With cheap drones appearing to be critical to the future of warfare, is there a chance that the US will develop a domestic drone industry that rivals China's, or has that ship sailed?
There's plenty of military drones companies, the US military has the budget for them. But now I'm wondering, who would win, 1,000 military drones or 1,000,000 consumer DJI ones?
"Quantity has a quality of its own". Consumer DJI Drones are useless in a fight (good only for reconnaissance or maybe crashing into military drones to disrupt them), but Russia is showing that drones can be made on the cheap (e.g. there was footage of a drone of theirs using a plastic soda bottle as the fuel reservoir) and still be disruptive.
DJI drones are ubiquitous on both sides in the Ukraine conflict. They have excellent cameras and long flight durations, which make them an ideal aerial observation platform. The battlefield is a very different place if you can't hide behind terrain and have to assume that if you can see the sky, then you can be seen by the enemy. These drones have drastically improved the effectiveness of conventional artillery, because you can seek out targets and get real-time reports on exactly where you shells are landing. Consumer/prosumer drones are vulnerable to jamming or being shot down, but they're also cheap enough to be essentially expendable. Ukraine are reportedly losing 10,000 drones a month, but that's a bargain for what they achieve on the battlefield.
DJI drones fitted with grenade-dropping mechanisms have been used extensively and still see some use, but DIY FPV drones are now the preferred offensive weapon, used in a kamikaze role as a kind of cheap guided missile. They're cheaper, faster and more agile than the DJI drones. A good FPV pilot can hit the weak spots on a moving tank, or fly through a narrow opening to hit troops sheltering in a bunker. They're invariably used with DJI drones in hunter-killer teams, with a DJI drone acting as a spotter for an FPV pilot.
The sound of a DJI drone is known to everyone on the front line and it means exactly one thing - that you need to find hard cover now. If you can hear it, then chances are that it has spotted you, the pilot has passed on your coordinates and a kamikaze drone or an artillery shell is already flying towards you. If you ignore it or take pot shots at it, then you're gambling with your life.
UKR also has limited access to latest PRC drones, DJI T60 is $8000 consumer agriculture drone with 60kg payload and AESA radar. That's enough to start swarming and engaging almost any ground vehicles.
Getting signal through a hostile radio environment comes to mind. But as it stands now it looks like this might be a field were a hundred "macguyvers on typewriters" adapting consumer drones are more effective than a Shakespeare trapped in the bowels of the military industrial complex.
Even basic consumer drones use frequency hopping and have relatively complex signal integrity logic - necessary even for using ‘free’ frequencies like 2.4 and 5.4 ghz in typical urban environments. And they’re pretty good, frankly.

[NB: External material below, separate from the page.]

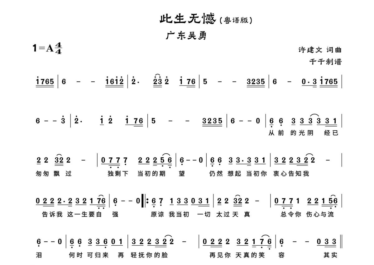 此生无憾简谱 - 广东吴勇演唱

"Frequency hopping" does nothing when your adversary can blow out the entire 2.4 and 5.4GHz bands, even before getting into sophisticated radio-specific attacks.
Urban radio environments are crowded, not actively hostile.
And yet, plenty of field success right now with consumer (even basic amateur level) drones.
The issue with high energy jamming (broad frequency band denial) is it makes your jammer a super tempting (and easy) target for a HARM or equivalent, and consumes quite a bit of power. If someone is actively denying such a wide frequency band, any high school level electronics student can design a pretty effective seeker.
And the whole 'radio power drops off as a cube of the distance' thing means the equipment needs to be pretty close to operations, so it's going to get attacked pretty often.
The noise level in a typical urban environment from wifi is already pretty terrible, 'hostile' or not. Way more terrible than a typical remote environment, which is where these drones are being used, unless there are active countermeasures pretty close.
Counter measures, counter-counter measures, etc. But I'm not seeing much mention of effective jamming happening in-theatre right now.
They do. In fact they graduated from simply dropping grenades on soldiers and IFVs to suicide roles taking out actual tanks. I'm not sure actual DJIs are being used in suicide missions or custom, still inexpensive, drones.
The video footage of suicide drones you can find on r/combatfootage is nearly always from custom drones, the giveaway is the analog video transmission. As the poster before said, DJI drones are only used for reconnaisance (for example DJI Matrice), where high-quality digital video transmission (and thermal image cameras) are very useful.
There's a coalition to supply Ukraine with a million drones (although that figure might be exaggerated) I'm guessing they'll be slightly cheaper than the Black Hornet ($100K+)
In what volume of space? You don't want them to be packed densely enough that the enemy can fire a buckshot in a random direction and shoot down two dozen drones.
> Next thing will be assassinating people with their own phone by causing it to blow up next to their head
I don't know if this was an intentional reference or not, but that has definitely already been done (with a rigged phone). Plus the widespread use of phone position data for targeting.
> the problem is that "we" still think killing each other is some sort of solution
The problem is that violence works against everything except more violence.